**Data under study:**
+++++
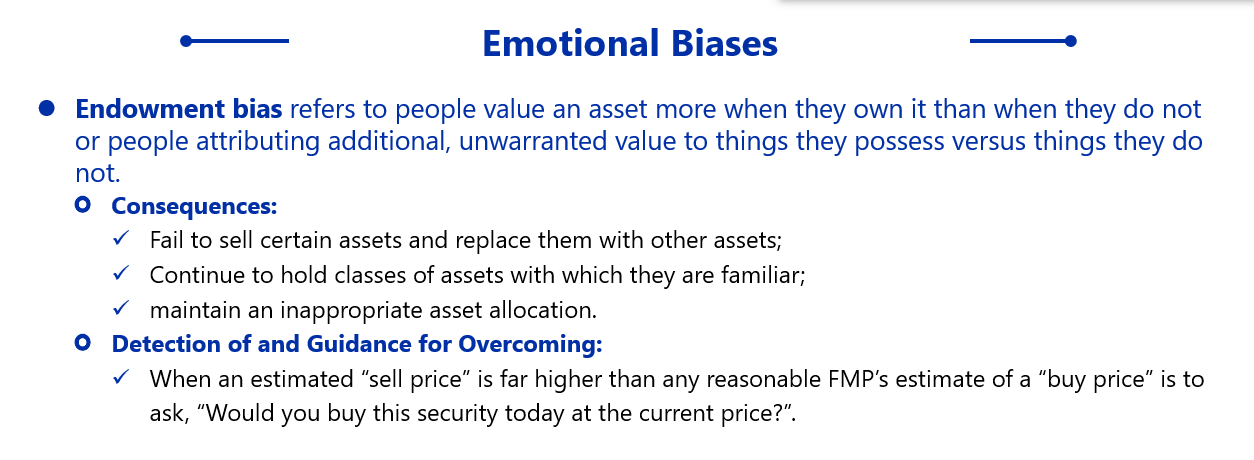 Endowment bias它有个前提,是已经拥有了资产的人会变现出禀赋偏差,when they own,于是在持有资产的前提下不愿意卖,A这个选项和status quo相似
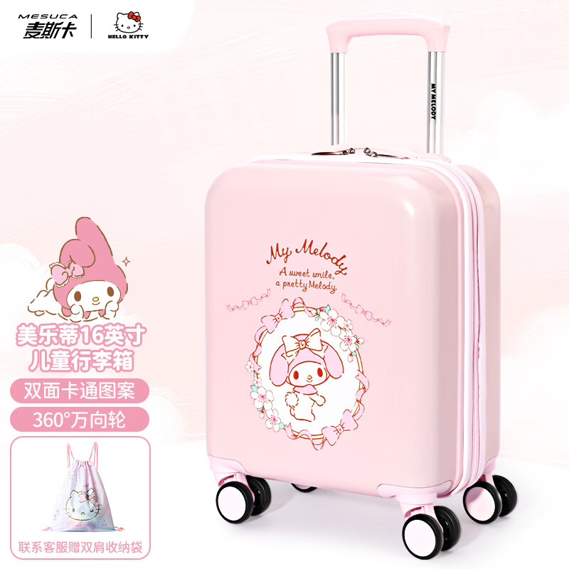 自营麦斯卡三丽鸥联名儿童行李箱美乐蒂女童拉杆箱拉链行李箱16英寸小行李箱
+++++
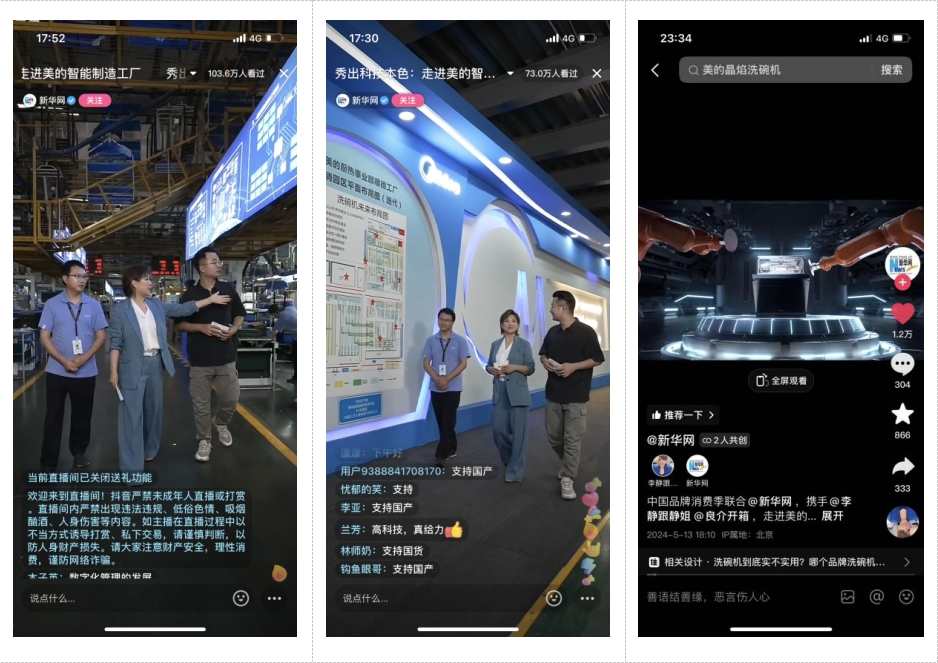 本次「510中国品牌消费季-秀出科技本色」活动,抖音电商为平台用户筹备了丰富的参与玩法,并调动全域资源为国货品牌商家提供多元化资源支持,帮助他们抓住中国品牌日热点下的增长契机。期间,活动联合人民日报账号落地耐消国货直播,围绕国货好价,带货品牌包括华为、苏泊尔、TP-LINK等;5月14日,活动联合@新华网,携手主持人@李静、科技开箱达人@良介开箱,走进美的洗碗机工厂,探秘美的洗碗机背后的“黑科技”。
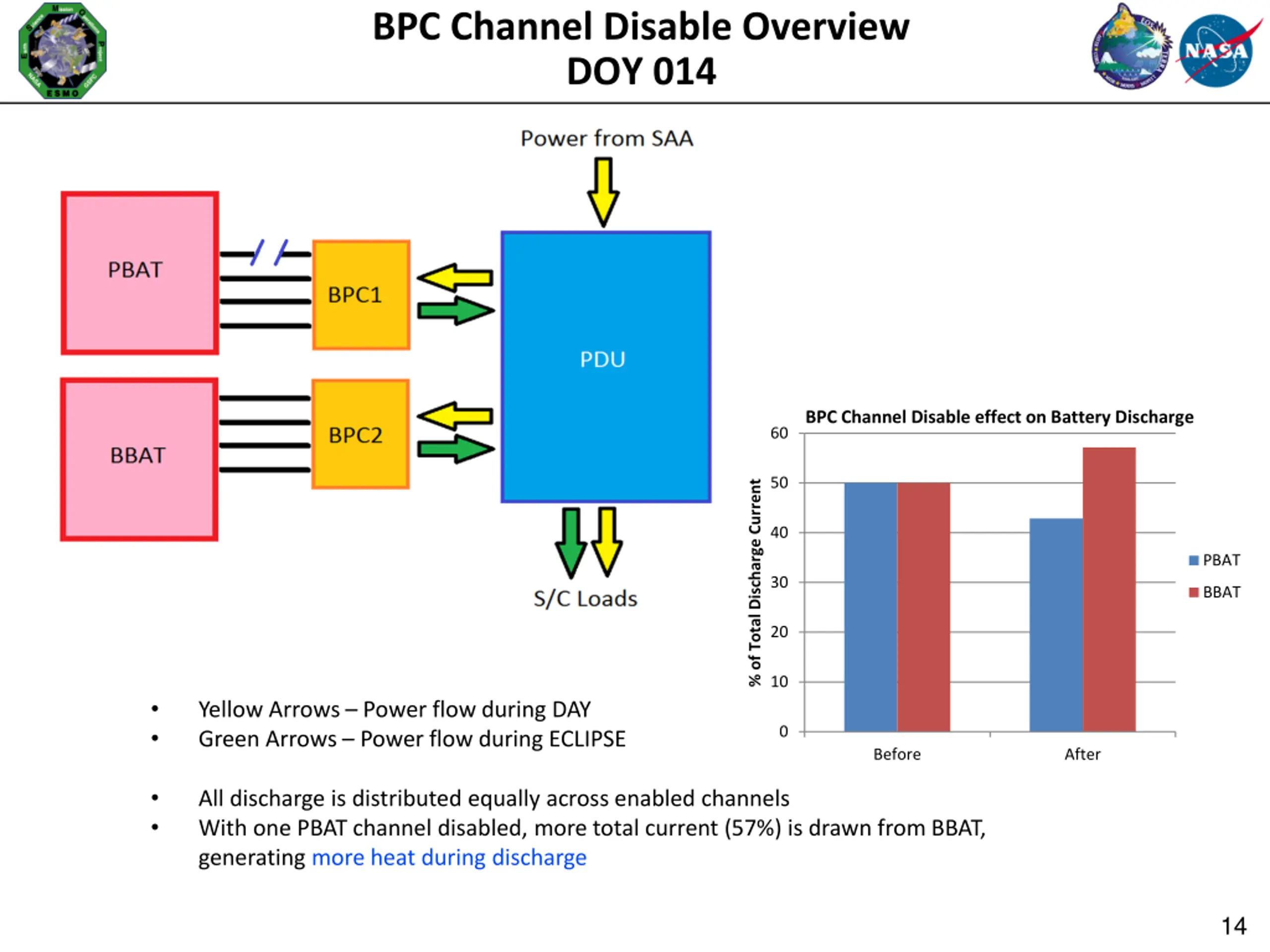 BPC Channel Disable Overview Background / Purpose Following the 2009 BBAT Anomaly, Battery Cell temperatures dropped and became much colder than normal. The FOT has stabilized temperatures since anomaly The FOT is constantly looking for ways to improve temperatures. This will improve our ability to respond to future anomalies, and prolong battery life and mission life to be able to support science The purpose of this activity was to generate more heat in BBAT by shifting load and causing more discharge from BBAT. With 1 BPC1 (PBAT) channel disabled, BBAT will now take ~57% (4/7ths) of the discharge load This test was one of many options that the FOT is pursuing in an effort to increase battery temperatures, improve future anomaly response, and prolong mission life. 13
+++++
**Work required:**
"Endowment bias它有个前提,是已经拥有了资产的人会变现出禀赋偏差,when they" marks the first line to copy, and "自营麦斯卡三丽鸥联名儿童行李箱美乐蒂女童拉杆箱拉链行李箱16英寸小行李箱" marks the last. Repeat that stretch above exactly, with no pictures.

**Output below:**
 Endowment bias它有个前提,是已经拥有了资产的人会变现出禀赋偏差,when they own,于是在持有资产的前提下不愿意卖,A这个选项和status quo相似
 自营麦斯卡三丽鸥联名儿童行李箱美乐蒂女童拉杆箱拉链行李箱16英寸小行李箱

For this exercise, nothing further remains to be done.